UN climate talks are heading towards a rocky conclusion after two weeks of failed debate to resolve several disputes, as the UN chief called on world leaders to speed up and agree on a deal to prevent “climate catastrophe”.
“There is still a lot more work to be done. The world is watching us,” Alok Sharma, Britain’s president of the COP26 summit, told reporters on Thursday about the state of negotiations in the Scottish city of Glasgow.
The COP26 conference set out with a core aim: to keep alive the 2015 Paris Agreement’s aspirational target to cap global warming at 1.5 degrees Celsius (2.7 Fahrenheit) above pre-industrial levels and avoid the worst effects of climate change.
But under countries’ current pledges to cut emissions this decade, researchers say the world would hit levels of global warming far beyond that limit, unleashing catastrophic sea level rises, floods and droughts.
While there is little hope that new promises will appear on Friday, the final day of talks to bridge that gap, as negotiators are attempting to impose new requirements that could force countries to hike their pledges in future, hopefully fast enough to keep the 1.5C goal within reach.

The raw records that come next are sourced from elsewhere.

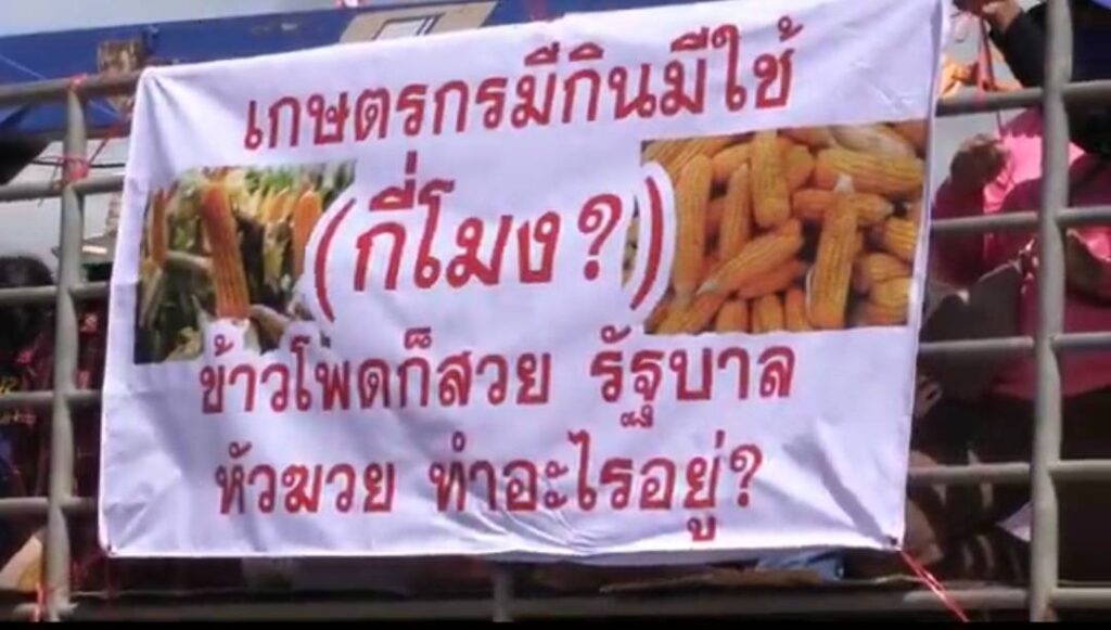 จากนั้นนายถาวร จงวัฒน์ ตัวแทนเกษตรผู้ปลูกข้าวโพดเลี้ยงสัตว์ จ.เพชรบูรณ์ ยังได้กล่าวปราศรัยโดยสรุปว่า สาเหตุที่ราคาก็พูดเลี้ยงสัตว์ปี 2567 ต่ำกว่าต้นทุนการผลิต เพราะปุ๋ยเมล็ดพันธุ์ รวมถึงค่าแรง มีราคาที่สูงมาก และทางโรงงานอาหารสัตว์ยังนำเข้าข้าวสาลีและข้าวโพดจากต่างประเทศเข้ามาเป็นจำนวนมาก ส่งผลให้มีการใช้ข้าวโพดภายในประเทศลดลง ทางโรงงานอาหารสัตว์จึงปรับราคารับซื้อข้าวโพดลดลงต่อเนื่องมากกว่าสัปดาห์ โดยราคาลดลงแบบผิดปกติมากกว่า 1 บาทต่อกิโลกรัม จนทำให้การซื้อขายในวันนี้ความชื้น 30% ราคาลดลงเหลือ 6.70 บาท และยังมีแนวโน้มราคาจะลดลงอีก
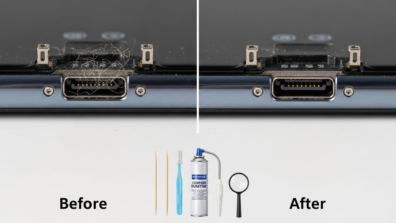 충전구에 먼지·보풀·린트가 쌓이면 접촉불량이 생깁니다.
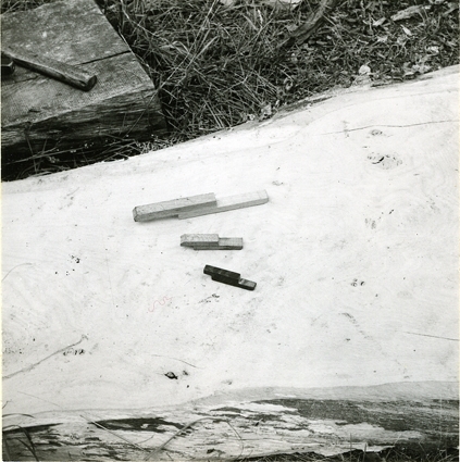 tre strykmått, "köer" (plur. en kö), av trä. se uppt. klinkbyggnad. Christian Madsens båtbyggeri. Foto N(ils) Nilsson aug (19)64. Danmark, Själland, Lynaes.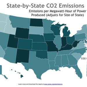 The report shows wide disparities in CO2 emission rates among states. CO2 emissions per megawatt-hour of power produced were found to vary close to twenty-fold among the states, with Kentucky, Wyoming, West Virginia, Indiana, and North Dakota having the highest CO2 emissions rates, and Idaho, Vermont, Washington, Oregon, and Maine with the lowest CO2 emissions rates.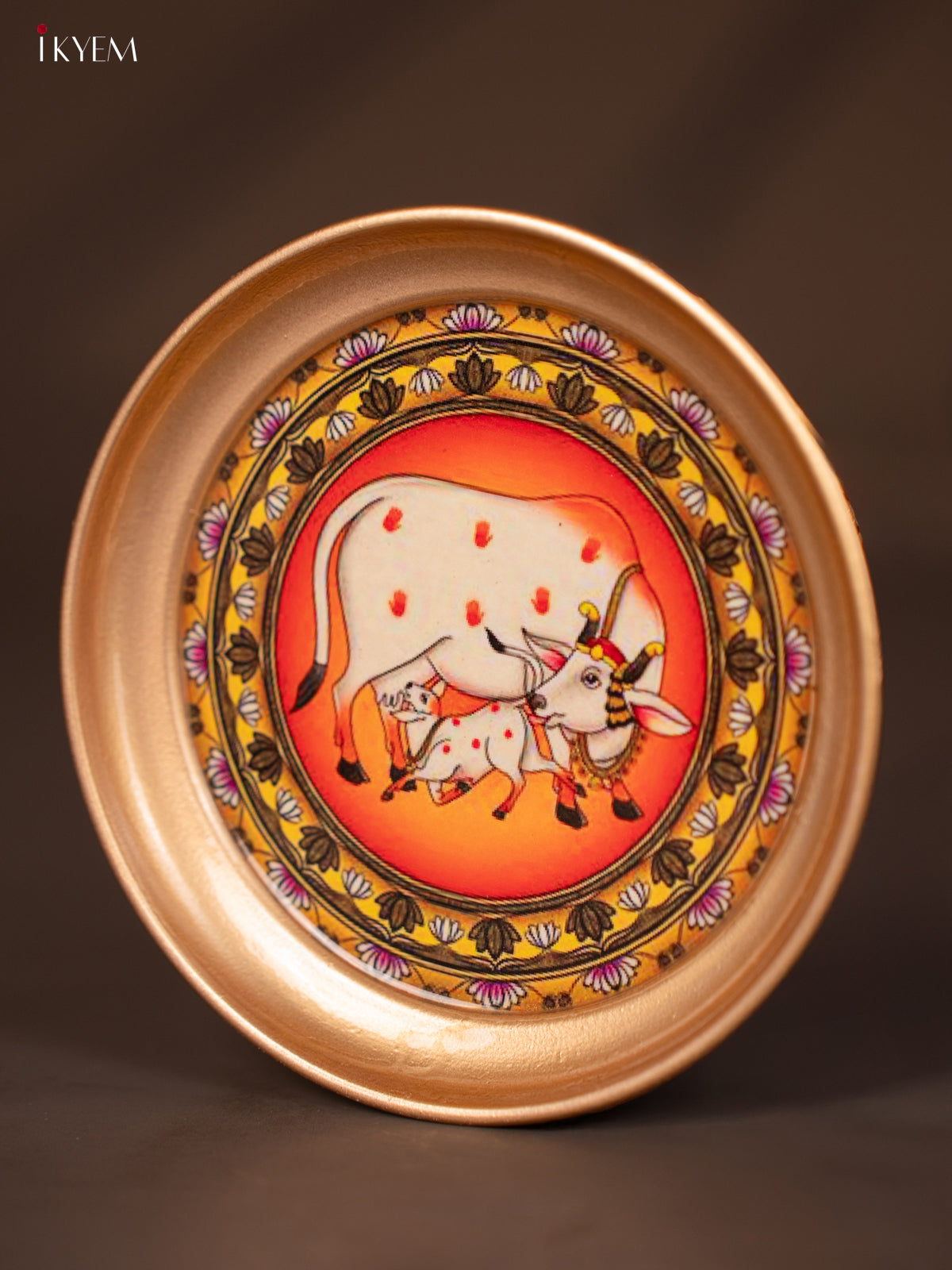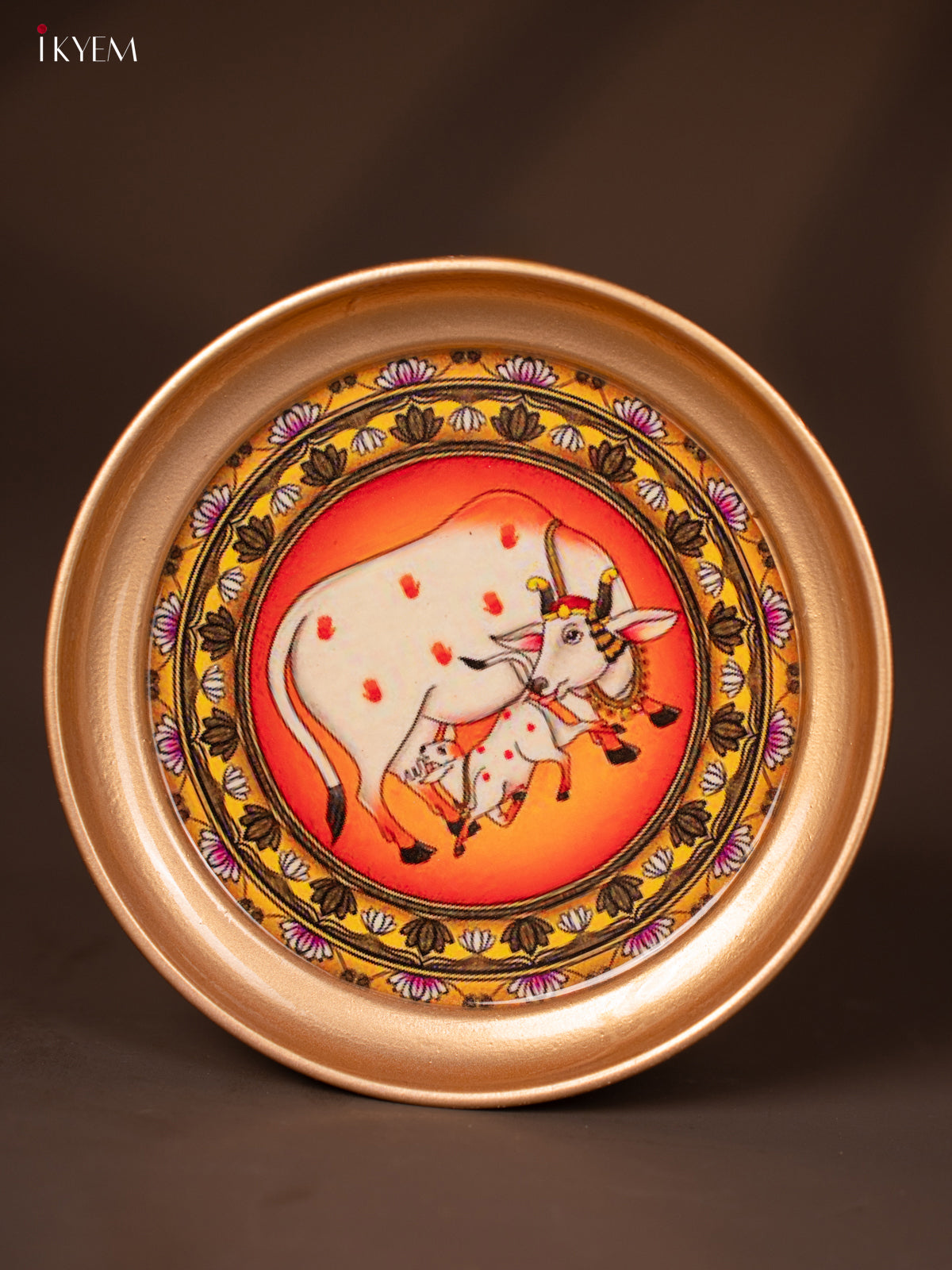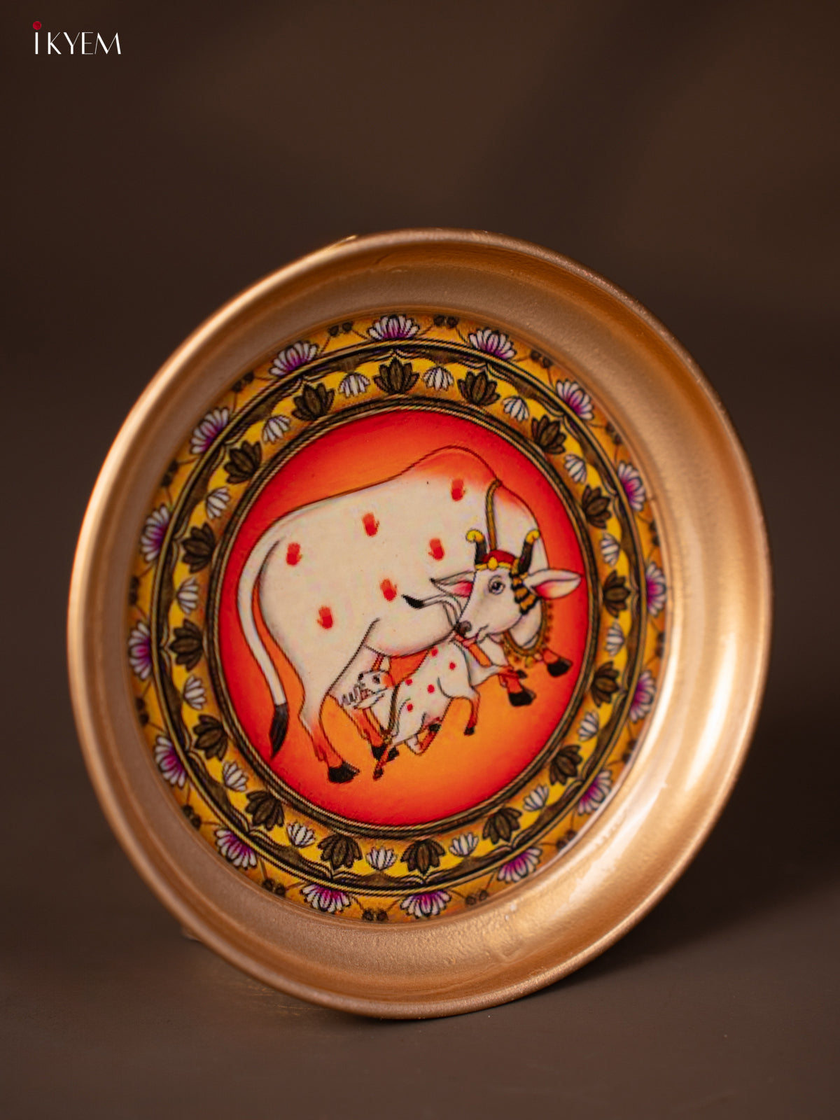 Cow & Calf Printed Orange with Yellow Brass Coated Plate - 6 Inches - KG25136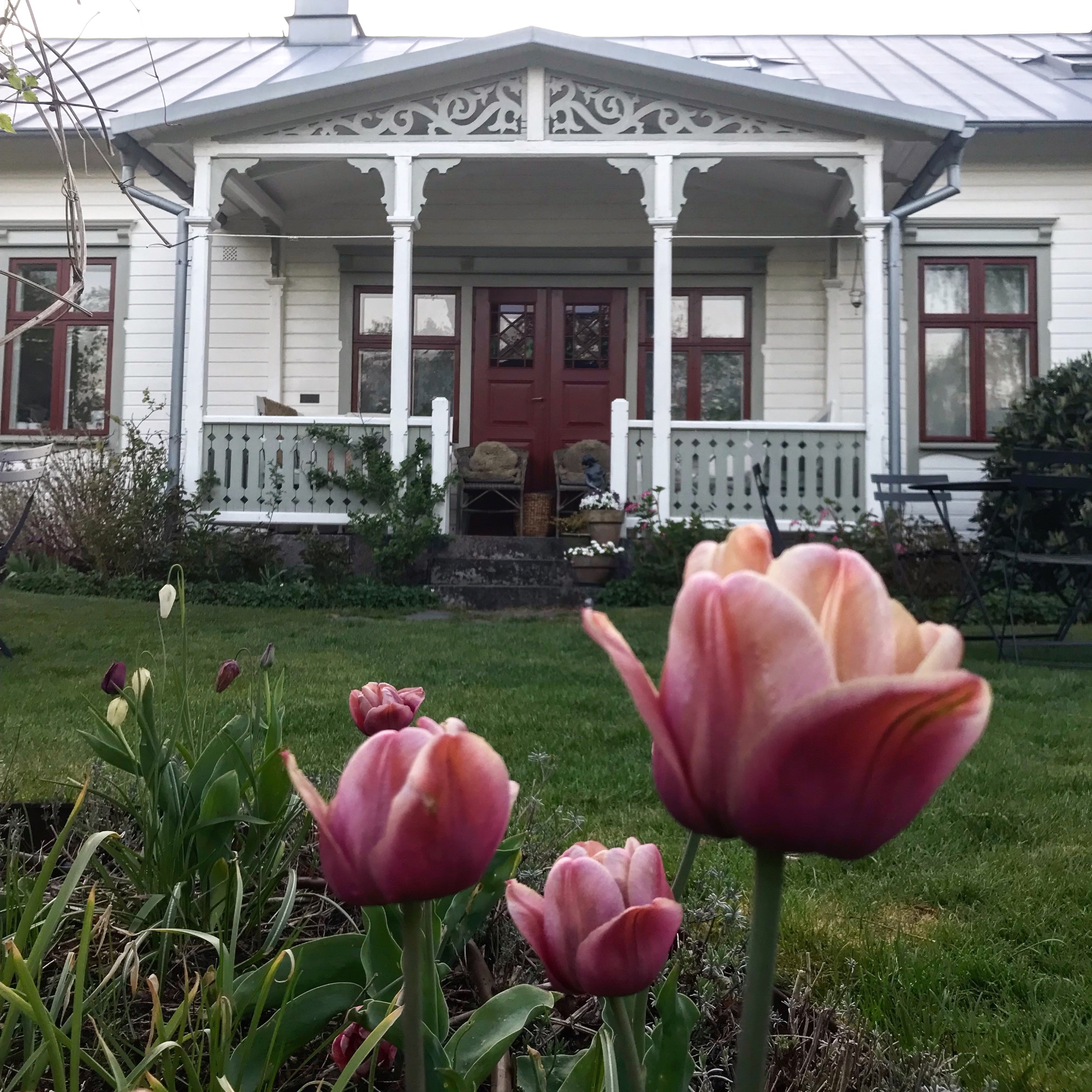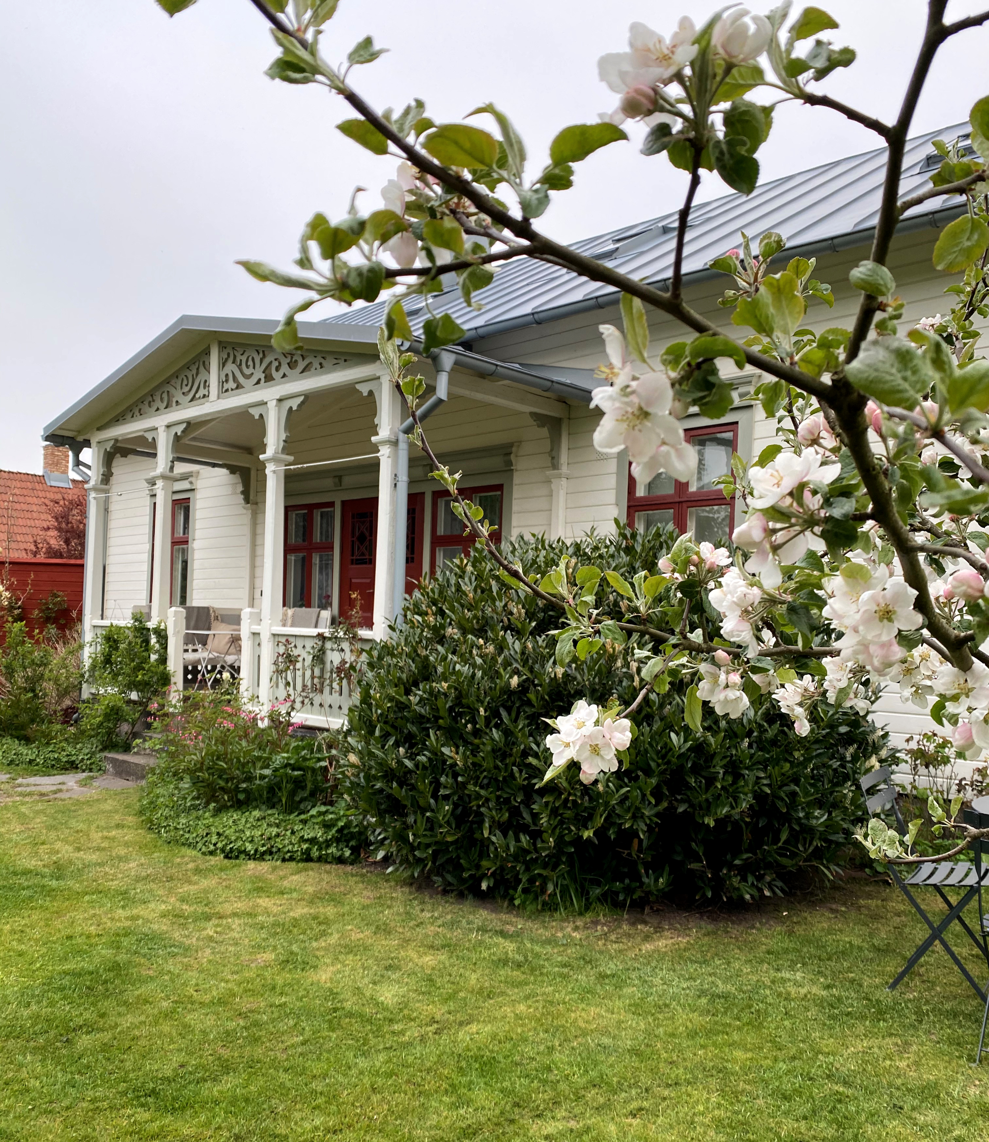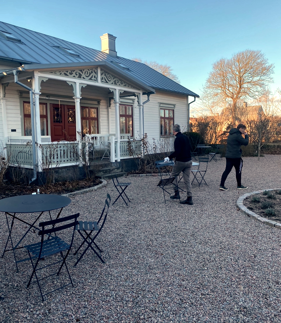 Men nu är vintervilan över, så härligt det kändes att få ta fram utemöblerna igår och öppna vår nya uteservering för säsongen. Det är väldigt viktigt att stolarna står i rät vinkel mot fasaden, tycker Ante som jobbar med grafisk form och har blick för olika slags linjer. Vi får väl se hur det blir med den saken när gästerna tar denna plats i besittning. Som jag längtar efter att få se allting blomma, snart är vi där!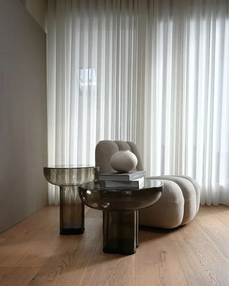 靈感來自野性粗獷的野獸派建築,設計重點在結構性柱體,凸顯柱狀設計之美並融合極簡美學,厚實的纖維混凝土桌腿讓桌面呈現懸浮感,減少繁複細節以強調設計本質。提供兩種尺寸,可單獨作為邊桌,也可搭配作為茶几使用,適合多樣室內環境。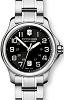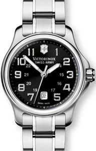 Victorinox Swiss Army Small Officer`s black dial. 28mm stainless steel case with bracelet. 100 meters water resistant. Silver markers and hands. Date calendar.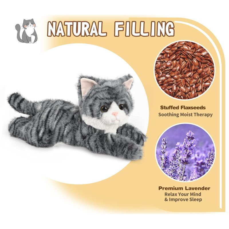 - NATURAL AND SAFE: Filled with natural flaxseeds, our stuffed gray tabby plush provides longer-lasting, comforting moist heat than other fillings like wheat. It promotes circulation and eases cramps, while the subtle lavender scent offers floral and fresh notes to calm your senses, relieve headaches, and soothe menstrual discomfort. It’s the perfect comfort gift for girls experiencing their first period cramps, helping to improve sleep and well-being during this important time
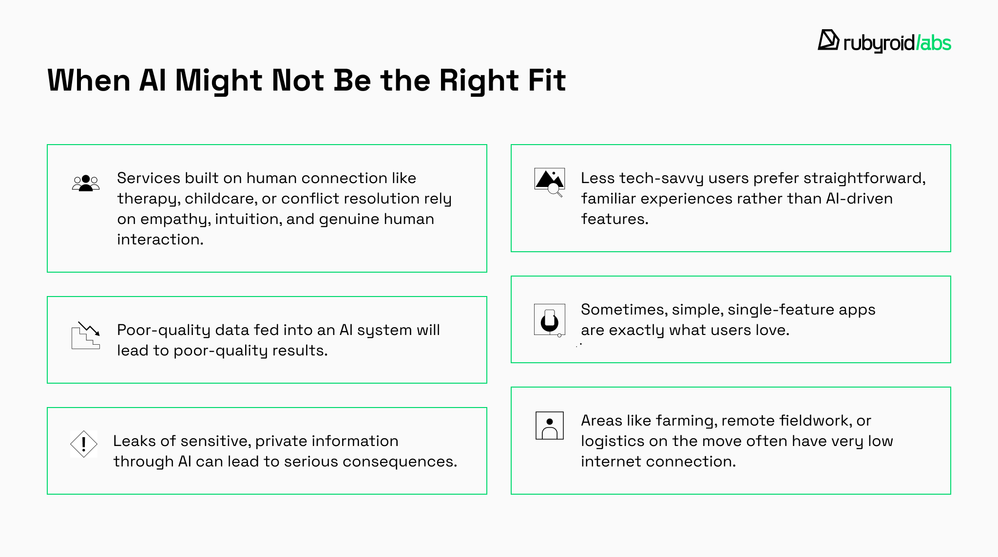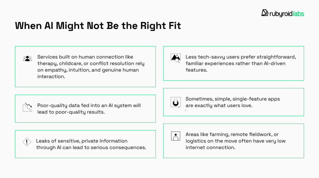 If you’re feeling inspired by the earlier examples of AI integration, that’s great. But don’t assume AI is the perfect solution for every industry or problem. While it’s one of today’s most talked-about technologies, there are situations where the ROI can be, let’s say, easily overestimated.

A draft of the COP26 deal which circulated earlier this week, for example, would force countries to scale up their climate goals by next year, three years sooner than planned. It also urged countries to speed up their decarbonisation plans. At the moment, countries are required to revisit their pledges every five years.
With one day left of scheduled talks, the nearly 200 participating countries are hardly any closer to an agreement over whether national emissions-cutting plans must be ramped up in the short term, how climate action is reported, and how vulnerable nations are supported.